COMMUNICATIONS:CONFIRMATION LAST week that the critical portions of the new Seacom undersea fibre-optic cable linking Africa to Europe and India had been completed was hailed as the start of the continent's broadband revolution.
Large swathes of Africa have been left to languish in the connectivity dark ages over the past decade. Even South Africa, the continent’s leading and most-competitive economy, has been reduced to wishing for the high-speed broadband capacity that other less developed countries take for granted.
While the ability of African businesses to compete is an obvious casualty of the lack of broadband capacity, education and scientific research have also been stunted by the poor connectivity.
Arthur Goldstuck, managing director of Johannesburg-based World Wide Worx, says the cable is seen as the first of a series of major connectivity interventions in Africa.
The final result will be a rewriting of the telecommunications history of Africa, he said in his company’s recently-published information and communications (ICT) industry study on internet access in South Africa.

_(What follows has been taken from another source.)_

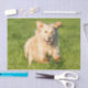 Papel de tejido personalizable con fotografía de un perro recuperador de oro corriendo en pasto verde largo

Goldstuck told The Irish Timesthe lack of submarine infrastructure to facilitate the growing demand from southern and eastern Africa for competitively-priced broadband has kept the telecommunications industry on the back foot. While west and north African countries have been able to tap into underwater cables that originate in South America and Europe to handle their increasing internet traffic, the south and east has had to remain reliant on the Sat3/Safe cables, two lines that meet in South Africa.
The 7,000km stretch of coastline from the small coastal town of Mtunzini on South Africa’s eastern coast, near Durban, to Djibouti on the Horn of Africa remained the longest coastline in the world without high-capacity underwater cable. The Sat3 (the South Atlantic Telecommunications/West African Submarine cable), which has a capacity of 120 Gigabits per second (Gb/s), was constructed in 1993 by an international consortium led by SA Telkom. The line runs beneath the sea from Spain down the west coast of Africa, around the Cape of Good Hope, where it lands in South Africa’s Western Cape province.

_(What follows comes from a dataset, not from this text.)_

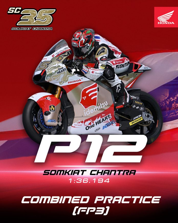 “ก้อง” สมเกียรติ จันทรา ยอดนักบิดไทยจากโครงการ “ฮอนด้า เรซ ทู เดอะ ดรีม” รั้งอันดับ 12 เวลารวมจากการซ้อม 3 ครั้ง ด้วยเวลาต่อรอบ 1 นาที 36.194 วินาที ตีตั๋วเข้าสู่การควอลิฟายรอบ Q2 แบบอัตโนมัติ ในศึก โมโตทู เวิลด์ แชมเปี้ยนชิพ 2023 สนาม 17 รายการ โออาร์ ไทยแลนด์ กรังด์ปรีซ์ หลังผ่านการซ้อมครั้งที่ 3 เมื่อเช้าวันเสาร์ที่ 28 ตุลาคมนี้ ที่ สนามช้าง อินเตอร์เนชั่นแนล เซอร์กิต

Here it links to the 130 Gb/s Safe cable (South Africa Far East cable), which continues into the Indian Ocean linking South Africa to India and Malaysia.

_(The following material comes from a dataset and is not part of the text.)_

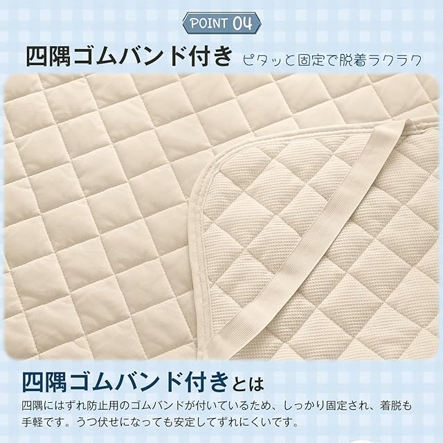 【簡単なお手入れ・丸洗いOK】四隅強化ゴムバンドでズレ防止&着脱ラクラク。ご家庭の洗濯機で丸洗いが可能で、いつでも清潔な状態を保つことができます。

Most of South Africa’s internet traffic travels out of the country on these lines, but the costs were kept high by cable managers Telkom, a semi-state company based in South Africa that had been allowed to monopolise the marketplace.
To justify the high prices, says Goldstuck, Telkom limited connectivity to a mere 40 Gb/s until last year, even though the combined cables could have been upgraded to a maximum capacity of 250 Gb/s.
Under South Africa’s Telecommunications Act of 1996, Telkom was given a monopoly from 1997 to 2002, when it was intended that a second operator would gain access.
But this entry was delayed for another five years, and it was only with the introduction of the internet service provider Neotel in 2007 that some sort competition arrived. It was allowed access to Sat3/Safe last year and commissioned Seacom.
Until then Telkom charged what it liked for the limited internet access. The company even went to the courts to stop competition, said Goldstuck. South Africa ended up with the world’s highest charges for broadband internet access.
However, Telkom’s policies may have backfired. The high prices and limited access encouraged other telcos to build their own cables.
After Seacom’s 13,700km-long underwater cable, there are plans for at least seven other cables. In the next three years t a series of new cables will connect Africa.
Seacom, which cost an estimated $650 million (€450 million) to construct, boasts 1.2 terabits per second (Tbps) capacity – five times that of the Sat3/Safe cable. The first customers in South Africa to benefit from its broadband capacity, the country’s universities, will pay 1 per cent of the Telkom charge.
Seacom is a joint venture between African and American telecos.
Speaking from his New York office, Seacoms chief executive Brian Herlihy shed some light on the challenges laying a line from London to South Africa.
“To construct Seacom we had to navigate our way through 11 different districts, which means we had to adhere to do 11 environmental impact assessments, seek the same number of permits and comply with the different tax regimes. So you can imagine the logistics involved, especially considering the timeframe. Delays are expensive: if you don’t have a beach permit you need you have to wait until you get it, but hiring the vessels needed to lay the cable costs $75,000 per day so you dont want them waiting, he said.
“We had to lay a huge amount of cable along ocean floor around the Horn of Africa near Somalia, which makes you a target for pirates, especially as the ships we use move very slowly. Our vessels that travelled to and from the work site had to do so in a navy convoy, while we had to hire gunships to protect our vessels as they worked, which was not cheap,” said Herlihy.
The result of all this effort: in South Africa, the cost of broadband will drop by 75 percent over the next three years.